= Stephen L. Ross =

American politician

Stephen L. Ross (c. 1815 – January 4, 1891) was an American farmer and enslaver from Jacks Creek, Tennessee, who served two terms in the Tennessee State Senate and (very briefly) in the Tennessee House of Representatives.

== Background ==
Ross was born in Tennessee about 1815, the son of one Hugh Ross, later to be an early settler in Jacks Creek; his exact date and place of birth, and the nature and extent of his education are not known. He became a farmer by profession.

== Public office ==
Ross served as a Democratic member of the Senate during the 1857-58 session for the district including Henderson, Benton, Decatur, Humphreys, and Perry counties. He was elected once more to represent a district (the 18th) which no longer included Humphreys or Perry counties, but now did include Hardin, and McNairy counties. for the 1877-78 session. He was elected to the House for the 41st General Assembly in 1878 to represent Henderson County; while he took his place at January 1, 1879 opening of the session, he was granted an indefinite leave of absence because of illness on January 9. He resigned, and his successor Lafayette McHaney was elected and installed in office by March 6, 1879.
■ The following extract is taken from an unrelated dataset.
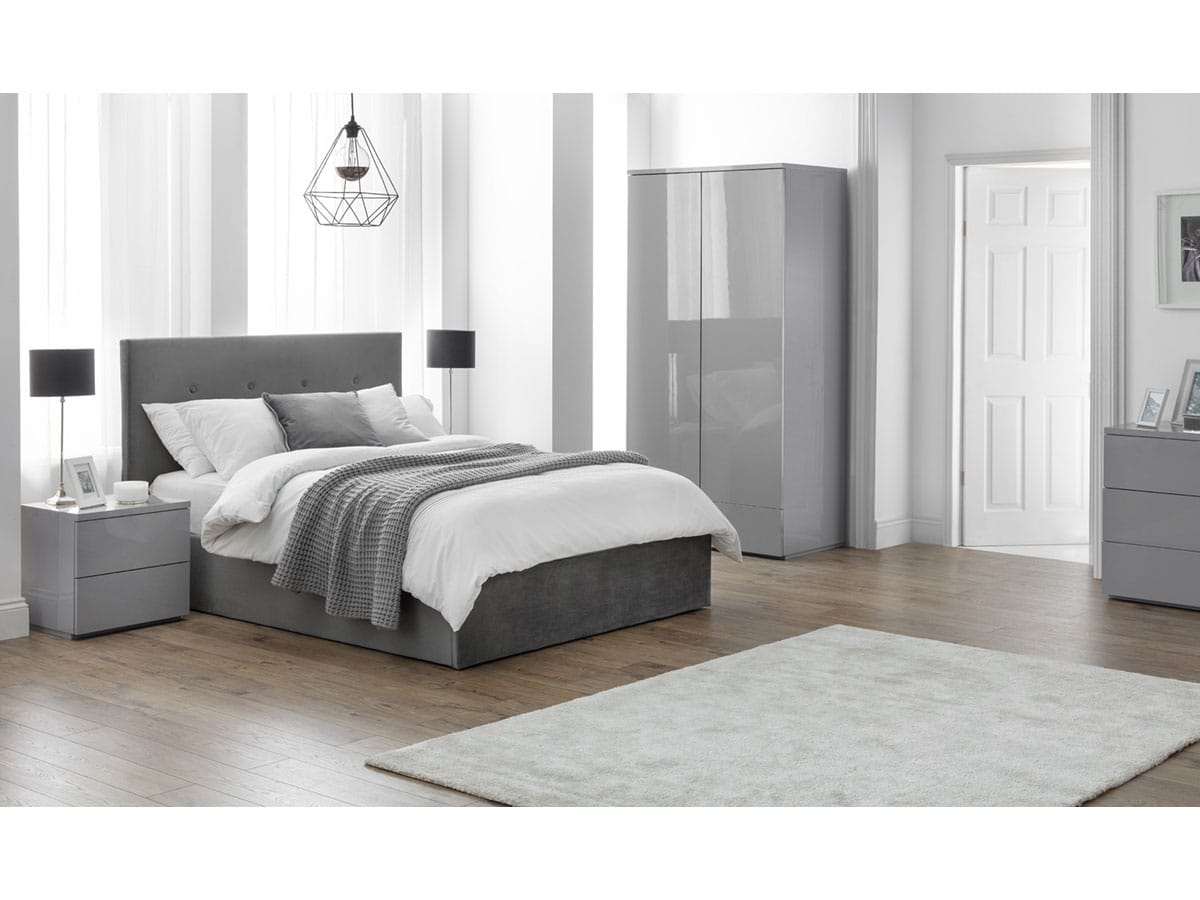 The Monaco Bedroom Collection brings a fresh, modern design to any bedroom. Finished in a grey high gloss, this 2 drawer bedside reflects light, enhancing the look of space. Featuring clean lines, to create a clean contemporay image. Part of the Julian Bowen Monaco Bedroom Collection.

According to his 1891 obituary, he introduced the bill in the legislature which created Chester County, Tennessee, of which his home town would become a part when it was created in 1882.

== Personal life ==
Ross married a woman from Virginia named Eliza. Their oldest child, a daughter named Neden, was born around 1846; they would have four more children: John, Margaret, Hugh, and Alice. His place of burial is unknown. He died January 4, 1891, at his home.